1) Accepting what the numbers say means we got it all terribly wrong for many years. For many years, people have believed that it is economic developments that cause stock price changes. If that’s so, the numbers that Arnott is referring to (numbers that show that stocks offer a better value proposition when prices are low than they do when prices are high) should not be of any consequence (since only unpredictable economic developments should affect the value proposition of stocks). There are no words harder for the humans to pronounce than the three simple, one-syllable words “I” and “Was” and “Wrong.” We all would have begun using Arnott’s powerful math had we not in earlier days come to a confident conclusion that it could not possibly do what it so clearly really does do.

2) The consequences of getting it wrong are frightening to consider. It’s not just that we got it so wrong for so long. Those who follow baseball have come to accept in recent decades that you cannot tell how good a hitter is by looking just at his batting average; walks need to be given more consideration than they were given in earlier days because it is getting on base that matters. The mistake made in the investing field is harder to acknowledge. Poor investing advice causes failed retirements. It’s hard to imagine a life setback worse than running out of money in your old age, when it is too late to take effective action to reverse the negative effects of the mistake. We didn’t just mess up when forming our old ideas about how investing works. We messed up re something that matters a great deal to all of us.
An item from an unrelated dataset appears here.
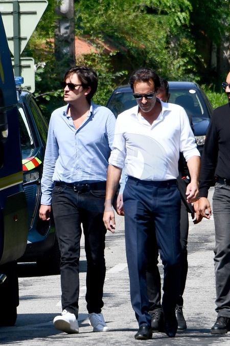 Anthony Delon i jego przyrodni brat Alain-Fabien odkrywają hołdy przed bramą posiadłości Douchy, na kilka godzin przed pogrzebem ich ojca, Alaina Delona

3) The mistake is so fundamental that it affects every strategic question. Baseball is still baseball when you consider walks as well as hits when determining whether a baseball player is good at his job or not. Accepting Arnott’s simple math changes everything. You cannot get your stock allocation right if you don’t use Arnott’s math. You cannot engage in effective retirement planning if you don’t use Arnott’s math. You cannot engage in effective risk management if you don’t use Arnott’s math. Investing analysis performed without making use of Arnott’s math is something close to worthless. Who wants to acknowledge having made such a mistake?
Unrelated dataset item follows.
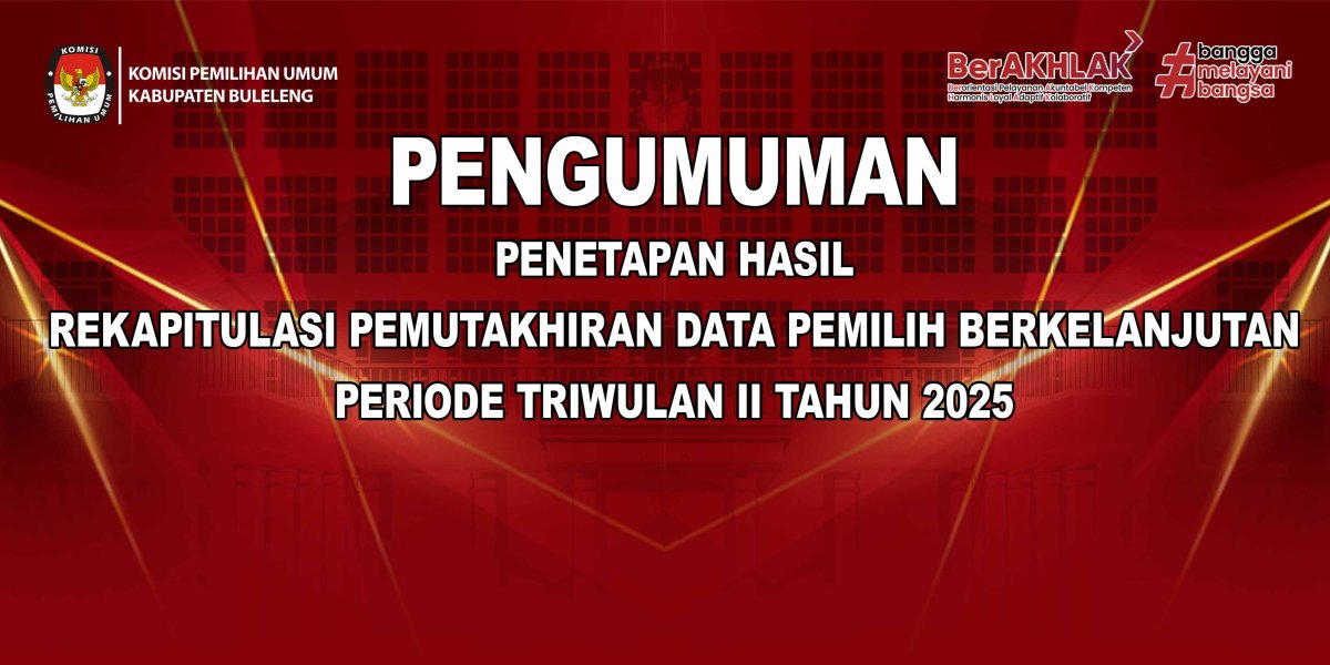 Berikut diumumkan Penetapan Hasil Rekapitulasi Pemutakhiran Data Pemilih Berkelanjutan Periode Triwulan II Tahun 2025 tingkat Kabupaten Buleleng.

4) The mistake is an obvious one. The price we pay for things affects the value proposition we obtain from the purchase. That’s what Arnott’s math is telling us. It’s something that is so in every market that exists — the stock market, the sweater market, the banana market. So we feel stupid for once believing that the stock market was different. There are historical reasons why we made the mistake. Still, it looks like a stupid mistake once the realities being pointed to by Arnott click in.

5) The realities seem too good to be true. Arnott’s math possesses an amazing power to make stock investing safe and simple and profitable. The usual human reaction to advances this big is to dismiss them as too good to be true. The peer-reviewed research in this field shows that we can reduce the risk of stock investing by 70 percent by accepting Arnott’s math. “Um — sure we can.” That’s the reaction that most of us have to hearing about what the numbers really say.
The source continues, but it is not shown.